* Work required:
From the records below, set down exactly the lines starting with the line that contains "Me in PE Assessment" and going on through the line that contains "Находится над массандровским". Nothing else is wanted.

Provided information Start Marker

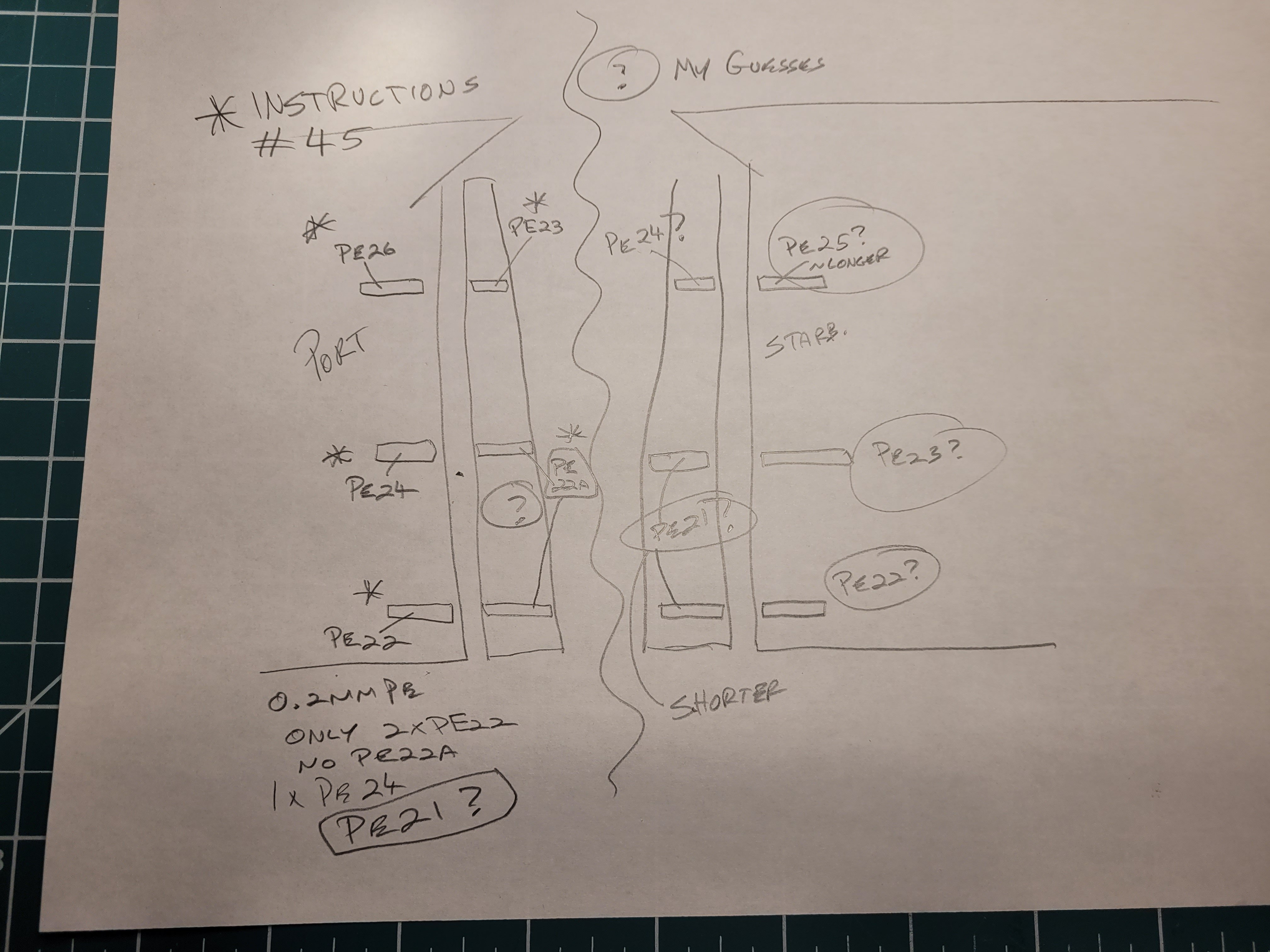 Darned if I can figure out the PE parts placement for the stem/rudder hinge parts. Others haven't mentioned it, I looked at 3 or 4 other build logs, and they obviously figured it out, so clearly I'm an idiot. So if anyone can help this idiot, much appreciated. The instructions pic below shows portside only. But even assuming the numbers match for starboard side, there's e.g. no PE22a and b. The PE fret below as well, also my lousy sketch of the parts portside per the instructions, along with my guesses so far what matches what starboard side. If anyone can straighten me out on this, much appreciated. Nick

Provided information End Marker
Provided information Start Marker

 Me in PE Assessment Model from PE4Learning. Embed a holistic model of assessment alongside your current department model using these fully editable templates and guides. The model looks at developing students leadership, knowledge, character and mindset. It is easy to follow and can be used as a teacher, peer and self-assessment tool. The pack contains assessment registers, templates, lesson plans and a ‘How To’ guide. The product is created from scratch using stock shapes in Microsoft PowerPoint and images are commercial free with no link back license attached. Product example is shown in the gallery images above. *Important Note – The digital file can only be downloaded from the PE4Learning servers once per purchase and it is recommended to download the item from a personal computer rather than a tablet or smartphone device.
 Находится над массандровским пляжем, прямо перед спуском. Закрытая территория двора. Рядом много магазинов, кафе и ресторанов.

Provided information End Marker
Provided information Start Marker

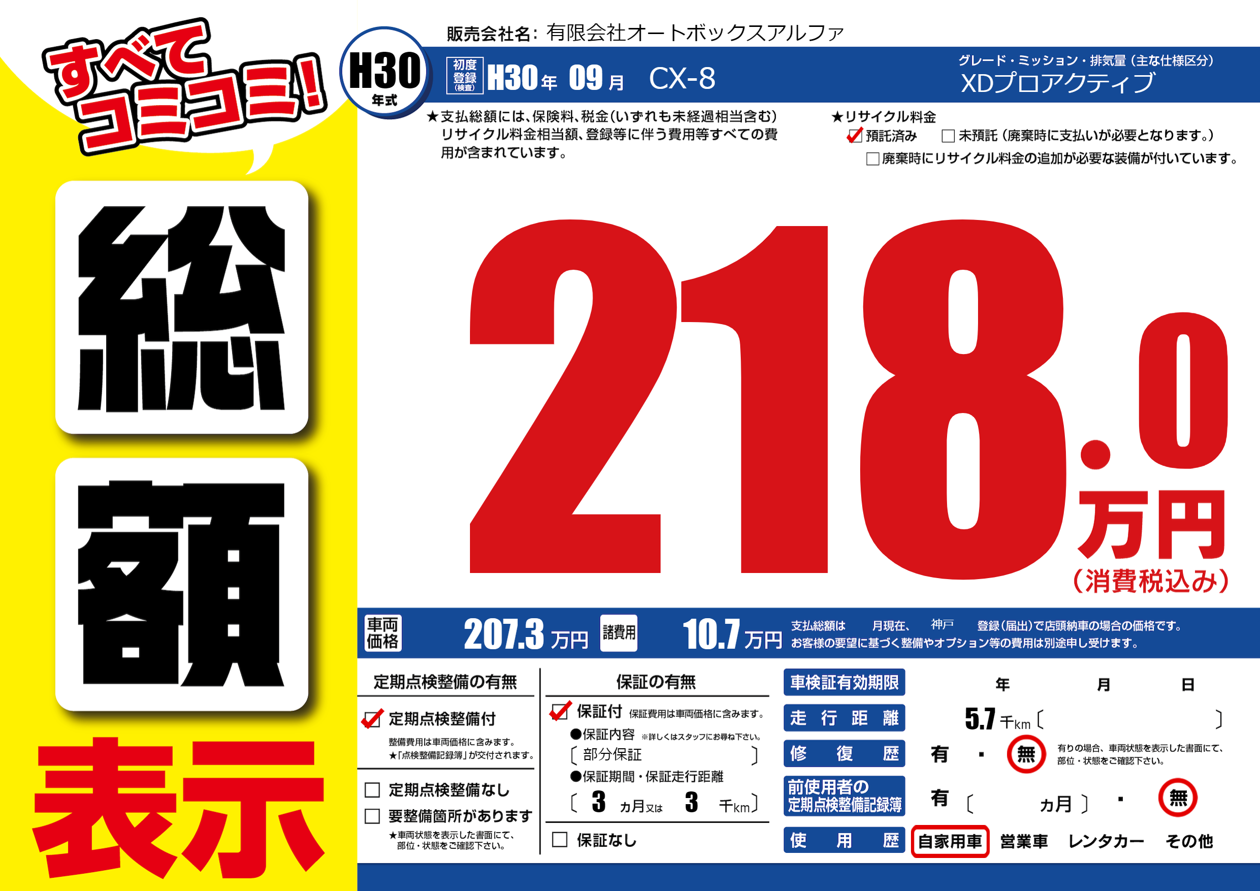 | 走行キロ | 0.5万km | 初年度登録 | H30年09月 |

Provided information End Marker

* Task answer:
 Me in PE Assessment Model from PE4Learning. Embed a holistic model of assessment alongside your current department model using these fully editable templates and guides. The model looks at developing students leadership, knowledge, character and mindset. It is easy to follow and can be used as a teacher, peer and self-assessment tool. The pack contains assessment registers, templates, lesson plans and a ‘How To’ guide. The product is created from scratch using stock shapes in Microsoft PowerPoint and images are commercial free with no link back license attached. Product example is shown in the gallery images above. *Important Note – The digital file can only be downloaded from the PE4Learning servers once per purchase and it is recommended to download the item from a personal computer rather than a tablet or smartphone device.
 Находится над массандровским пляжем, прямо перед спуском. Закрытая территория двора. Рядом много магазинов, кафе и ресторанов.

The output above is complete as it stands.